- From: Nicolas Mailhot <nicolas.mailhot@laposte.net>
- Date: Fri, 17 Jan 2014 11:55:15 +0100
- To: "Julian Reschke" <julian.reschke@gmx.de>
- Cc: "Nicolas Mailhot" <nicolas.mailhot@laposte.net>, "Gabriel Montenegro" <gabriel.montenegro@microsoft.com>, "Zhong Yu" <zhong.j.yu@gmail.com>, "ietf-http-wg@w3.org" <ietf-http-wg@w3.org>, "Osama Mazahir" <osamam@microsoft.com>, "Dave Thaler" <dthaler@microsoft.com>, "Mike Bishop" <michael.bishop@microsoft.com>, "Matthew Cox" <macox@microsoft.com>
Le Ven 17 janvier 2014 11:28, Julian Reschke a écrit : > On 2014-01-17 11:18, Nicolas Mailhot wrote: >> >> Le Jeu 16 janvier 2014 22:32, Julian Reschke a écrit : >> >>> A proxy does not need to normalize. Full stop. There is no issue here, >> >> A security proxy does need to normalize. Full stop. Otherwise malware >> can >> trivially bypass security blocks by fuzzing encoding enough the proxy >> does >> not realize anymore the block needs to be applied. > > Are you talking about normalization beyond removing unneeded > percent-escapes? I'm taking about the very common case when a botnet or malware stain signature is an URL fragment it tries to communicate with on random zombie hosts on the Internet. It is very common to configure proxy gateways to block any access to an url that includes this fragment as first level defence while more accurate and complete cleanup measures are investigated. (malware is the worst case, sometimes it's just misbehaving browser plugins or other web clients that need blocking to keep the network operational) Obviously that only works if the gateway can recognize the URL fragment without being confused by encoding games. So the gateway does need a reliable way to map byte chains to the text signature (and there is a text signature because the app writer did use text stings and not random constants in his code).
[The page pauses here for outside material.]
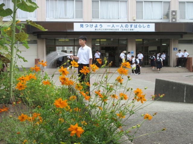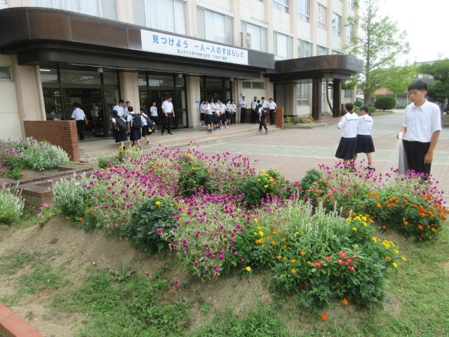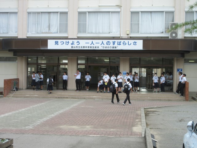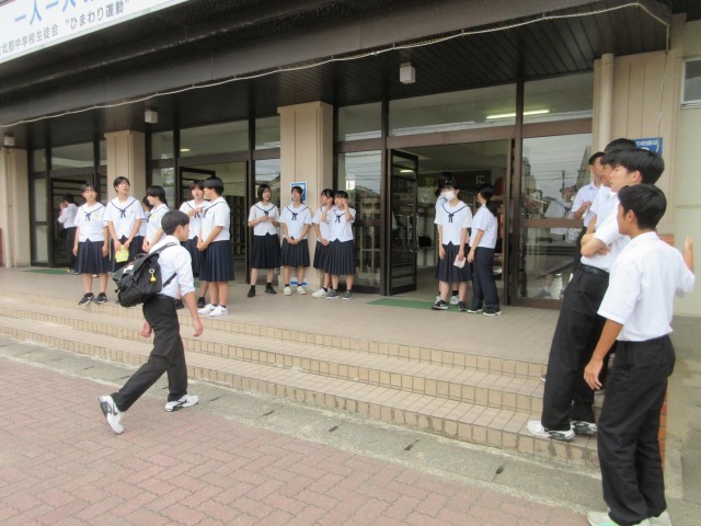 今日も朝からあいさつ運動の大きな声が響きわたっています。今日から教育実習を始める先生と一緒にあいさつをがんばっています。

Unspecified text encoding conventions in URLs make reliability go away. Again, I would like http/2 to specify that URLs are transported as UTF-8 text in http2 metadata (ideally not %-escaped), with the endpoints being responsible to converting their local representation to this form before emission, or baring that 1. add encoding info somewhere 2. require the web client and server to fill this info. But I really would prefer if the wire representation was unambiguous and encoding conversions pushed to endpoints. That's the model python people settled on after years of failing to make the "push everything as chain of bytes, whatever needs text will manage to convert by itself" work. And http nodes are way less flexible than a python program. Regards, -- Nicolas Mailhot
Received on Friday, 17 January 2014 10:55:49 UTC